Gemtuzumab ozogamicin (GO) combined with standard of care (SOC) chemotherapy (daunorubicin/cytarabine) is approved for newly diagnosed patients (pts) with CD33+ acute myeloid leukaemia (AML) based in part on data from the phase 3 ALFA-0701 trial (NCT00927498) of GO+SOC vs SOC in this population. We evaluated the cost-effectiveness of GO+SOC vs SOC alone for de novo AML with a UK National Health Service (NHS) and Personal Social Services perspective.

We used pt-level outcomes (response rates, relapse-free/overall survival [RFS/OS], hematopoietic stem-cell transplants [HSCTs] and adverse events [AEs]), from ALFA-0701 to inform the analysis. The base-case population was a subgroup that had a clear benefit with GO addition and excluded patients with unfavourable cytogenetics; analyses of the overall study population were also conducted. Cost data were taken from UK NHS 2016 reference costs and the literature; utility data were sourced from the literature. Long-term RFS/OS projections (pts entering with primary complete remission [CR], primary induction failure or relapse) for GO+SOC vs SOC were used to generate individual transitions in a lifetime cohort state-transition model. To capture statistical cure rates associated with AML, parametric and more complex models (flexible-spline and mixture cure models [MCMs]) were explored. MCMs provided the best fit and most reliable projections and were selected as the base-case analysis.

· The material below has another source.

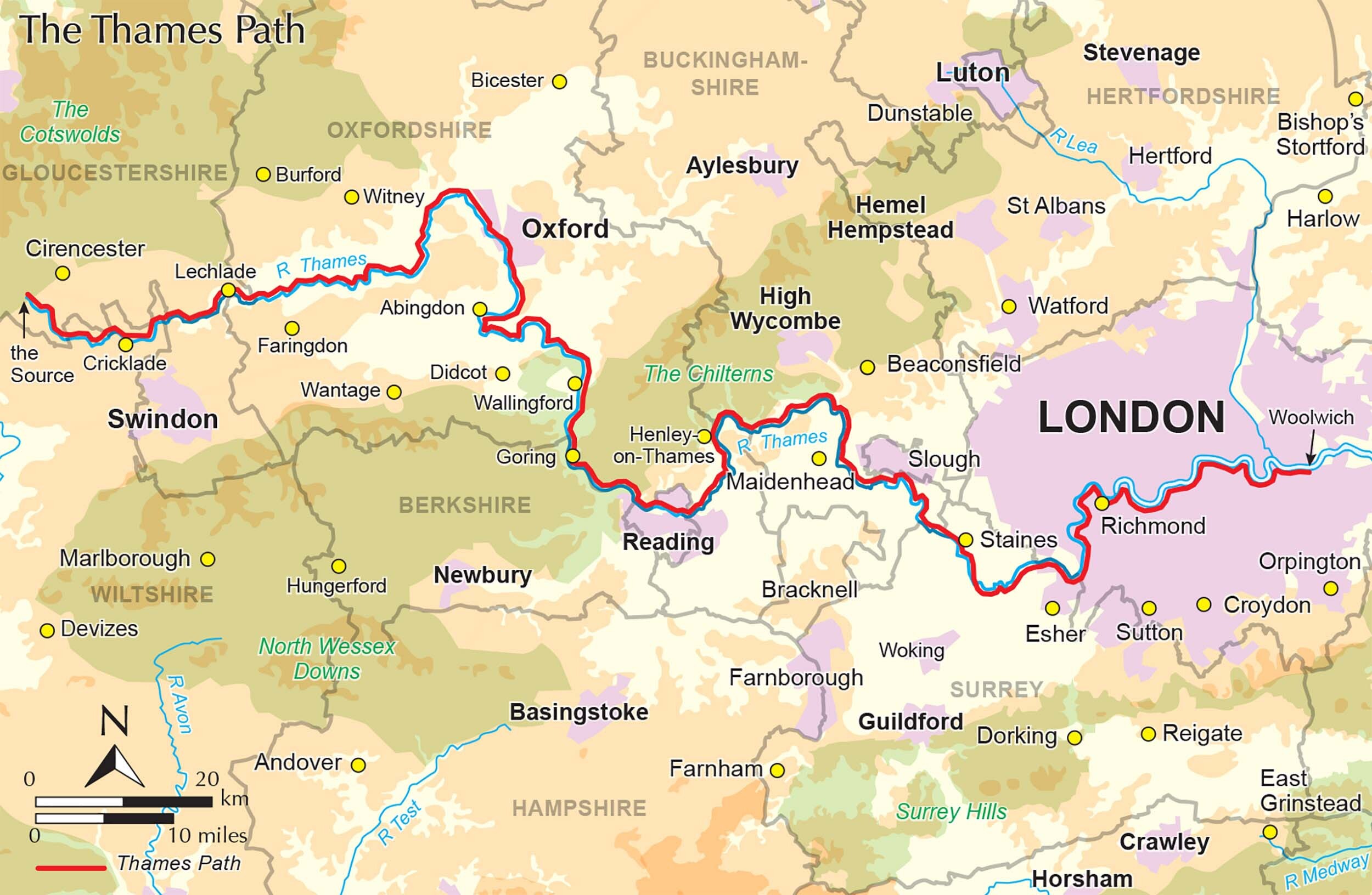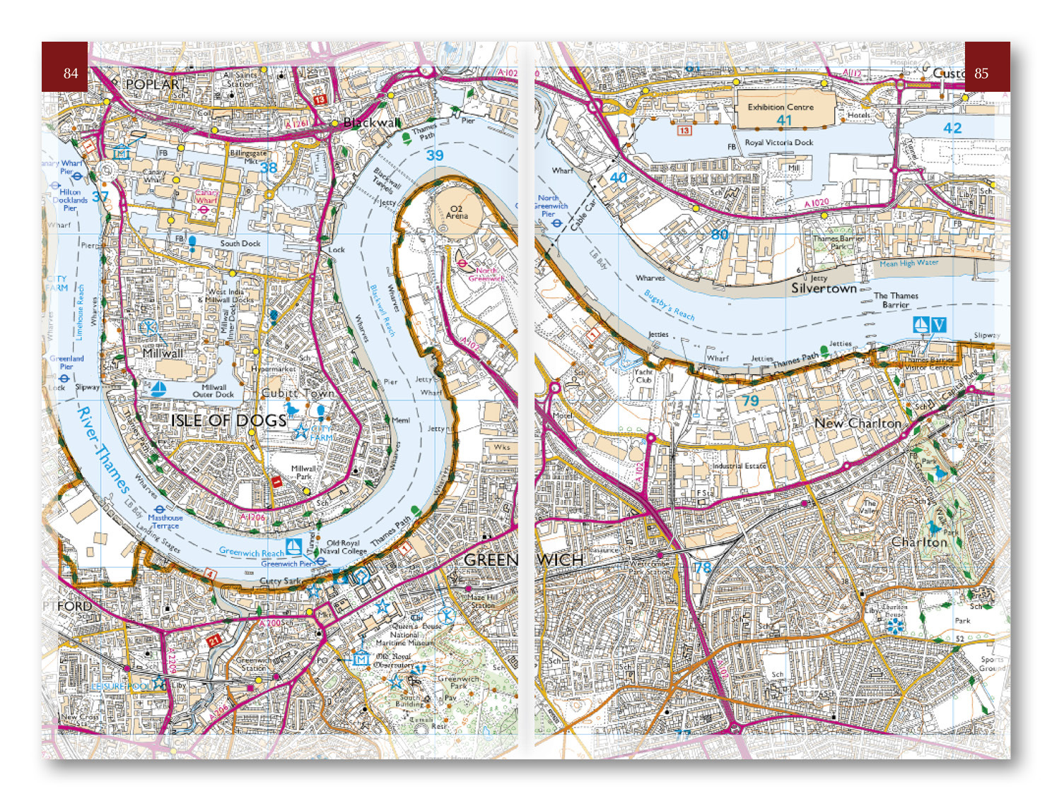 The route is described from east to west in 20 stages between 6 and 26km (416 miles) in length. An optional route extension from Erith in Kent to the traditional start at Woolwich Foot Tunnel is also provided. GPX files available to download Contains step-by-...

In the base-case deterministic analysis, higher per-pt costs (£135,545 vs £122,088) and greater life-years (LYs; 7.24 vs 5.93) and quality-adjusted LYs (QALYs; 5.29 vs 4.30) gained were seen with GO+SOC vs SOC. The incremental cost-effectiveness ratio (ICER) was £10,240/LY and £13,561/QALY gained. Higher costs of GO+SOC were mainly attributable to drug acquisition; costsavings were seen from relapse prevention and fewer HSCTs (Table). Mean probabilistic ICER was £17,956 (95% confidence interval [CI] £16,481–19,631). In the overall population, there were also higher per-pt costs (£132,245 vs £117,472) and greater LYs (6.17 vs 5.28) and QALYs (4.51 vs 3.83) gained with GO+SOC vs SOC, with an ICER of £16,492/LY and £21,819/QALY gained; mean probabilistic ICER was £23,825 (95% CI £21,530–26,568). At a willingness-to-pay threshold of £30,000/QALY gained, the probability that GO was cost-effective was 70% in the base-case analysis and 57% in the overall population.

Increased costs of adding GO to SOC were partially offset by improved outcomes. GO+SOC is a cost-effective first-line treatment option for the subgroup of pts with AML excluding those with unfavourable cytogenetics.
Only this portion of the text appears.